3. The virus's ability to produce tumors is related to the production of reverse transcriptase. The DNA synthe sized from the viral RNA becomes incorporated as a provirus into the host cell's DNA.
Plant Viruses
Plant viruses must enter plant hosts through wounds or with invasive parasites, such as insects.
Viroids and Prions
Viroids are common plant pathogens which are a serious economic problem.
The RNA genomes of viroids are 246-375 nucleotides in length and share many similarities:
They are all single stranded covalent circles
There is extensive intramolecular base pairing
A DNA-directed RNA polymerase makes both plus and minus strands
Replication does not depend on the presence of a helper virus
No proteins are encoded
Virusoids and Satellites
Virusoids or satellite RNAs are also several hundred nucleotides long circular and single stranded. They depend on a helper virus for replication.
Chapter 4 virus review questions
1. Viruses were first detected because they are filterable. What do we mean by the term filterable, and how could this property have helped their detection before invention of the electron microscope?
2. Why do we classify viruses as obligatory intracellular parasites?
3. List the four properties that define a virus. What is a virion?
4. Describe the three morphological classes of viruses, then diagram and give an example of each.
5. Describe how bacteriophages are detected and enumerated by the plaque method.
6. Describe the multiplication of a T-even bacteriophage. Be sure to include the essential features of attachment, penetration, biosynthesis, maturation, and release.
7. Recall from Chapter 1 that Koch's postulates are used todetermine the etiology of a disease. Why is it difficult to determine the etiology of a viral infection such as influenza?

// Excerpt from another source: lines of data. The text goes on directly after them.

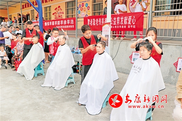 现场,通过有奖问答、发放宣传资料、设立咨询台等形式,向村民进行平安建设、普法、反诈等宣传。来自汉滨区阳光爱心护理院的志愿者们为老人们提供健康指导。爱心人士龚甲超组织的义剪活动也受到了老人们的欢迎,志愿者们免费为现场50多名老人理发。书法家们现场围绕“孝义”主题进行创作,并赠送给群众。演出结束后,近百名老人到社区的孝义食堂参观和免费用餐。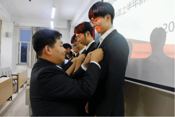 老团员代表上台为新团员佩戴团徽。这一刻,新老团员的心紧紧相连,共同感受着团组织的温暖和力量。老团员郑重地将团徽佩戴在新团员胸前,象征着将团组织的优良传统和使命传递给新一代的青年。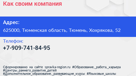 Как своим, компания по адресу 625000, Тюменская область, Тюмень, Хохрякова, 52 в дальнейшем Организация, размещена в следующих категориях: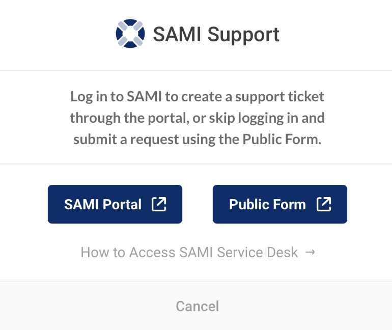 In addition to these options, there is an online request form, called the Public Form, which is intended to be used when the SAMI Support Portal is unavailable due to any of the following reasons: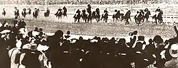 Carbine, nicknamed "Old Jack", was undefeated in five starts in top-class races as a two-year-old in New Zealand. He then was taken to Australia, where he won nine of 13 starts as a three-year-old.[5] One highlight that year was his win in the AJC Sydney Cup of 2 miles (3,220 metres) carrying 12 lb (5.5 kg) over weight-for-age. Despite suffering interference at the half-mile post and being buffeted back to last place, Carbine won by a head in a record time of 3 min 31 s. (Race times were slower in Carbine's era than now due, among other factors, to the rough state of tracks and the upright posture in the saddle assumed by 19th-century jockeys.) At the end of his three-year-old racing season, Carbine was sold by his owner-trainer Dan O'Brien for 3,000 guineas and prepared by his new owners for racing in Sydney and Melbourne.[6]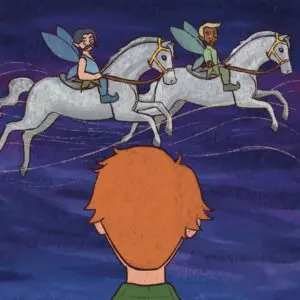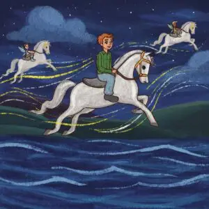Then every one of the fairy men cried out, “Hie over cap!” As soon as they said those words, each fairy man’s horse rose up into the air and raced over the sea. So Guleesh called out those very same words. And before he knew it his horse, too, rode over the sea and sped over the blue water. When they landed on the other side onto dry land, one of the fairy men said to Guleesh, “Guleesh, do you know where you are now?”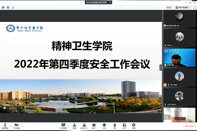为进一步认真贯彻落实习近平总书记关于安全生产的重要指示批示精神及学校2022年第四季度安全工作会议精神,做好学院各项安全工作,确保假前和假期各项工作平稳安全运行,12月8日下午,精神卫生学院以腾讯会议的方式召开了第四季度安全工作会议,会议由副院长李成冲主持,全院教职工参加了会议。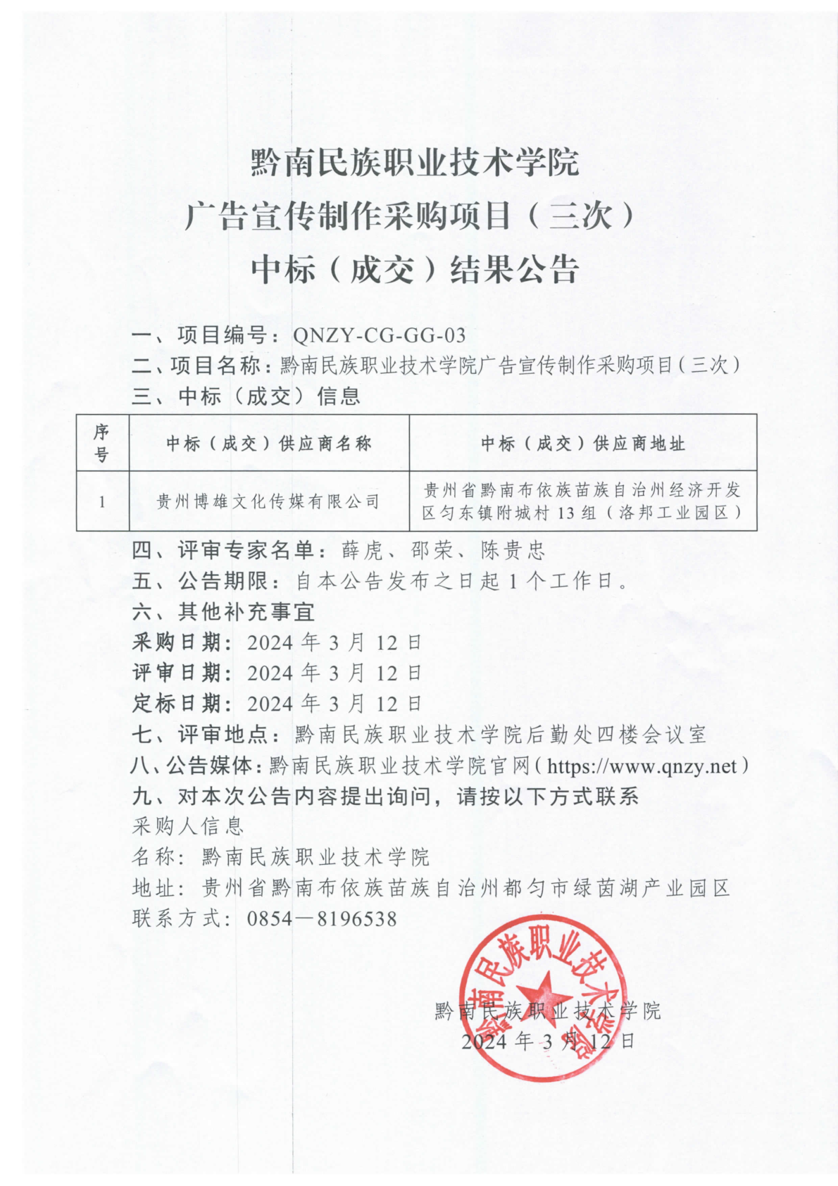 黔南民族职业技术学院广告宣传制作采购项目(三次)中标结果公告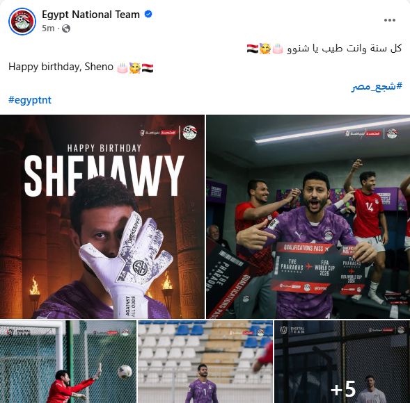 وكتبت صفحة المنتخب عبر حسابها على فيسبوك: "كل سنة وأنت طيب يا شنو".

8. Assume that this strand of RNA is the nucleic acid for an RNA-containing animal virus: UAGUCAAGGU.
(a) Describe the steps of RNA replication for a virus that contains a + strand of RNA.

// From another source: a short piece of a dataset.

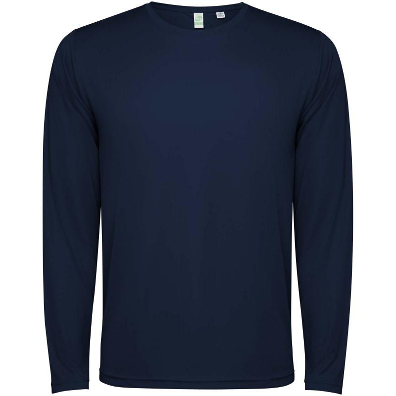 Kids long-sleeve unisex technical t-shirt. Collar with matching seams. Back hem slightly longer than the front. Side seams shifted forward.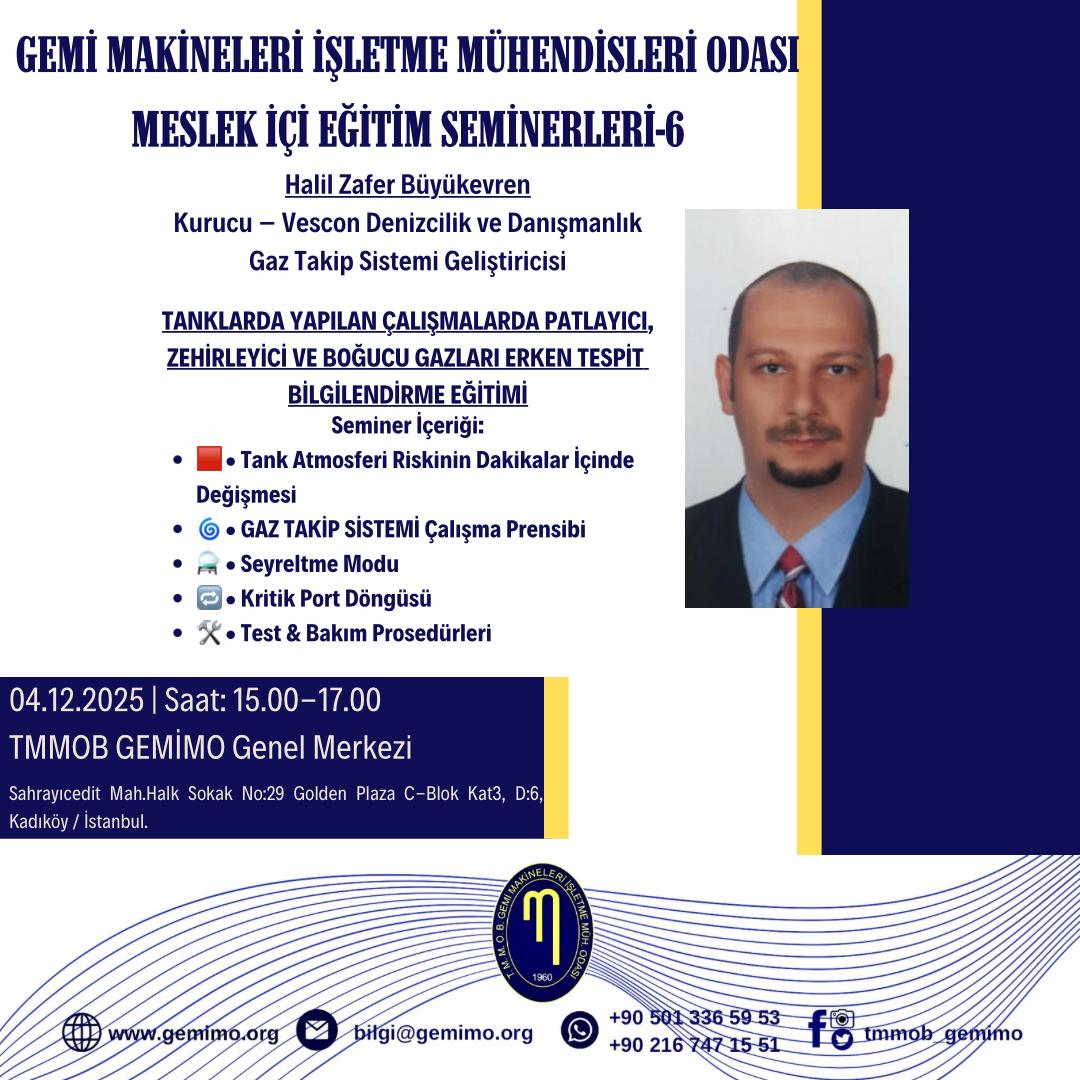 TMMOB GEMİMO Meslekiçi Eğitim Seminerleri kapsamında 04 Aralık 2025 tarihinde Halil Zafer Büyükevren'in sunumu ile gerçekleştirilecek olan "Tanklarda Yapılan Çalışmalarda Patlayıcı, Zehirleyici ve Boğucu Gazları Erken Tespit Bilgilendirme Eğitimi"ne katılım başvurularınızı bilgi@gemimo.org mail adresine gönderebilirsiniz.

(b) Describe the steps of RNA replication for a virus that contains a - strand of RNA.
(c) Describe the steps of RNA replication for a virus that contains double-stranded RNA.
(d) Describe the steps of RNA replication for a virus that contains reverse transcriptase.
9. In some viruses, capsomeres function as enzymes as well as structural supports. Of what advantage is this to the virus.
10. Prophages and proviruses have been described as being similar to bacterial plasmids. What similar properties do they exhibit? How are they different?